Health creation, promotion and prevention is at the core of a wellbeing approach. If we want to reduce misery and improve wellbeing, an area for policy, delivery and research prioritisation is mental health. This requires accelerated scaling up of effective interventions and significant investment in research. We are already seeing evidence-informed systematic change, for example the inclusion of wellbeing as a topic in the ‘Mental Health & Wellbeing JSNA’ OHID public health profile. This shift in focus does not negate physical health, which remains important.

Change is now possible; we can create a future we want and make progress.

About the report

Published in July 2023, A Covenant for Health: Policies and partnerships to improve our national health in 5 to 10 years proposes a cross-party government commitment to building a healthier nation over a generation, bringing together business, the NHS, communities and individuals.

The report was led by Geoffrey, Lord Filkin CBE with Professor Kate Ardern; James, Lord Bethell; David Buck, The King’s Fund; Dr Paul Corrigan CBE, former Health Adviser, No 10; Professor Sian Griffiths CBE; and Professor David Halpern CBE, Behavioural Insights Team, with project support from The King’s Fund.

What’s next?

“The health of the nation is critical for the health of our economy, our public services and, above all, the wellbeing and life chances of all our citizens.”

This week, the Department of Health and Social Care (DHSC) published a new interim report on a Major conditions strategy, setting out a framework for change to improve outcomes and transform lives. The strategy identifies six categories of major health conditions where focus should be targeted: cancer, heart disease, musculoskeletal disorders, mental ill-health, dementia and respiratory diseases.  

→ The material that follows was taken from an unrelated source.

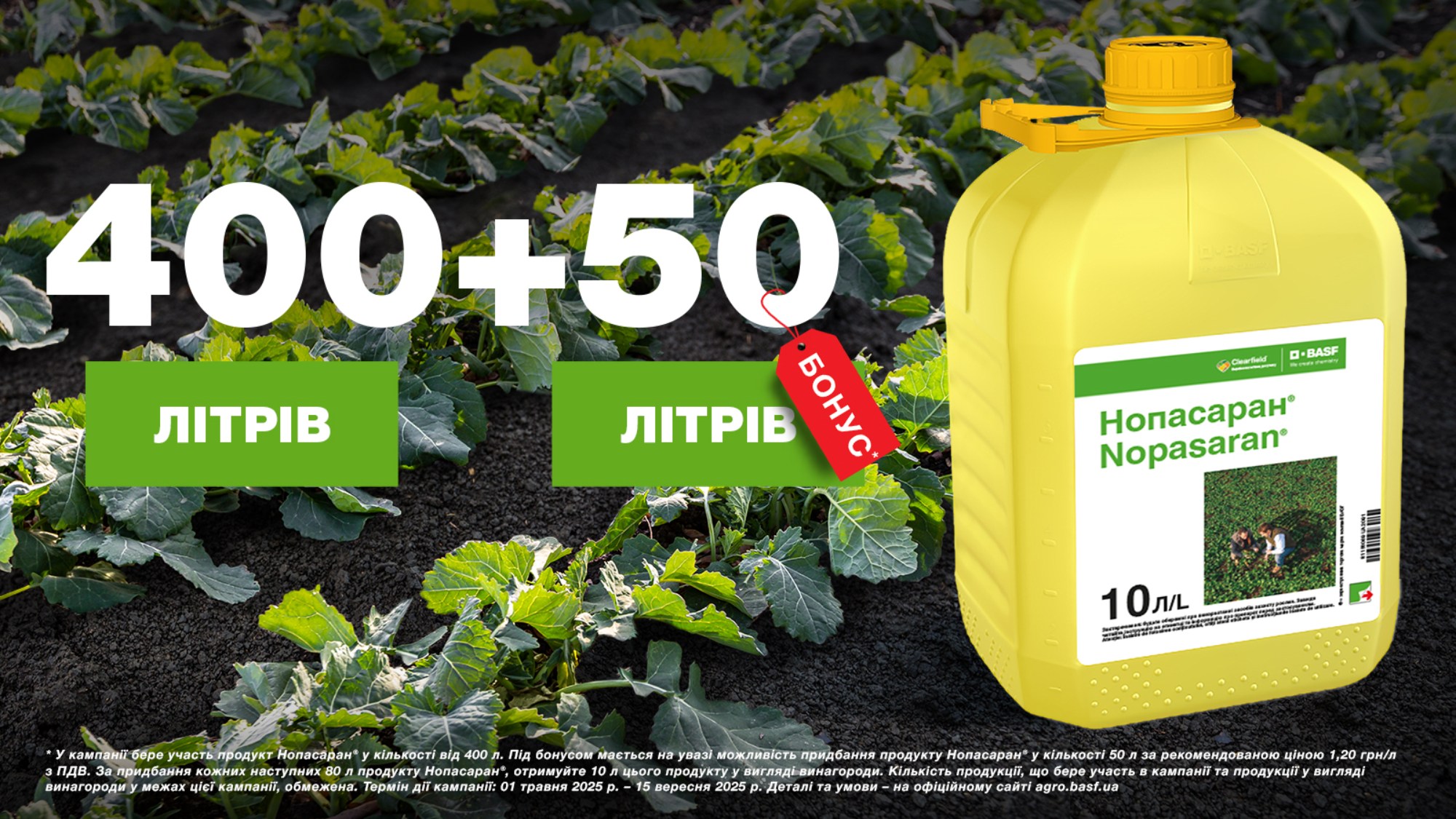 Позбутись конкуренції з боку бур’янів – один із найважливіших технологічних аспектів гарного розвитку рослин ріпаку восени. Гнучкий у застосуванні гербіцид Нопасаран® стане надійним помічником у контролі широкого спектру бур'янів, тому скористайтесь вигідною пропозицією вже зараз: придбайте Нопасаран® у відповідній кількості та отримайте додатковий об’єм продукту в якості бонусу!
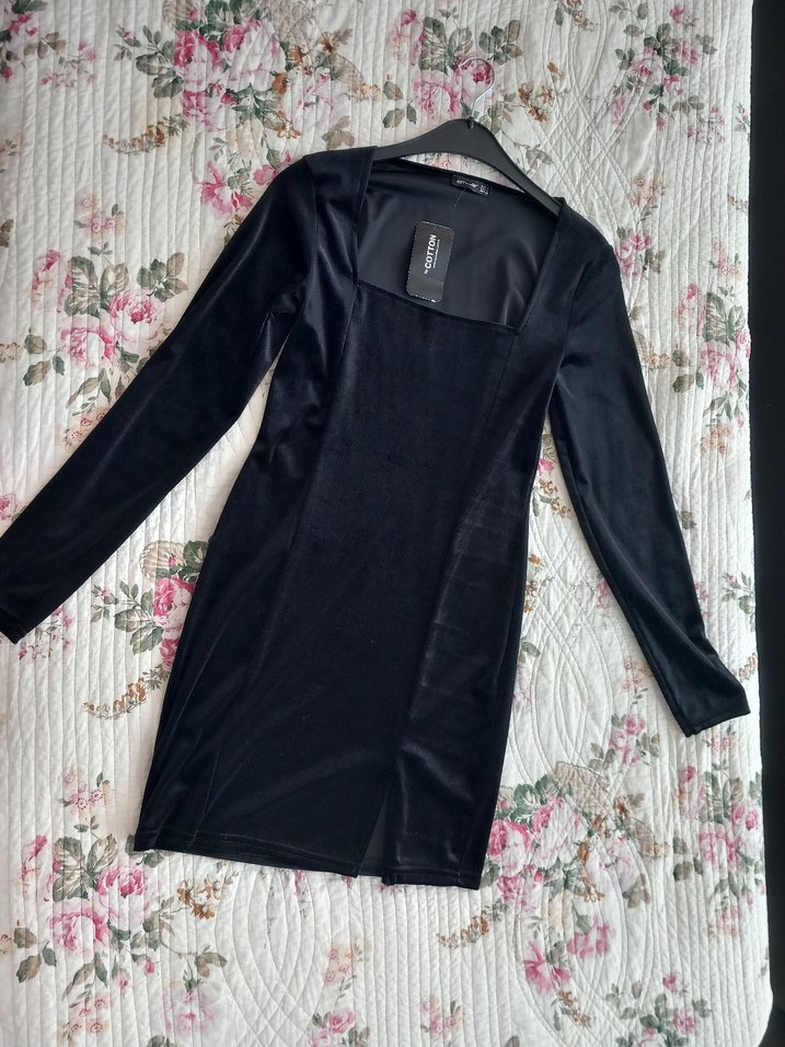 Siyah, uzun kollu ve drapeli V yakalı, gotik tarzda, vücuda oturan mini elbisedir. Romantik akşamlar için uygundur.

It considers overall health, prevention, early diagnosis and treatment, and living with these conditions. Improving wellbeing is weaved throughout as an aim and desirable outcome. It recognises the value of health for overall wellbeing, and the resilience and sustainability of the nation. The strategy is also concerned with palliative and end of life care. One way in which we are already supporting work in this area is by building the collective knowledge of wellbeing at the end of life, including living with terminal illness, and work and terminal illness.

The strategy also marks progress towards greater parity between the consideration and treatment of mental and physical health. Tackling the mental health of those with physical health conditions, and vice versa. 

The DHSC strategy follows The Hewitt Review, reiterating the importance of Integrated Care Systems (ICS) as an opportunity to “make meaningful long-term improvements to populations’ health and wellbeing”. Specifically, the new strategy includes a commitment to an “impact assessment tool to support policymakers to consider the mental health and wellbeing impact of all policies.” The effectiveness of impact assessment tools in policymaking is currently unclear. For more evidence based approaches, see our project on the use of wellbeing in place based approaches and policy tools that support the HMT Green Book Wellbeing Supplementary Guidance.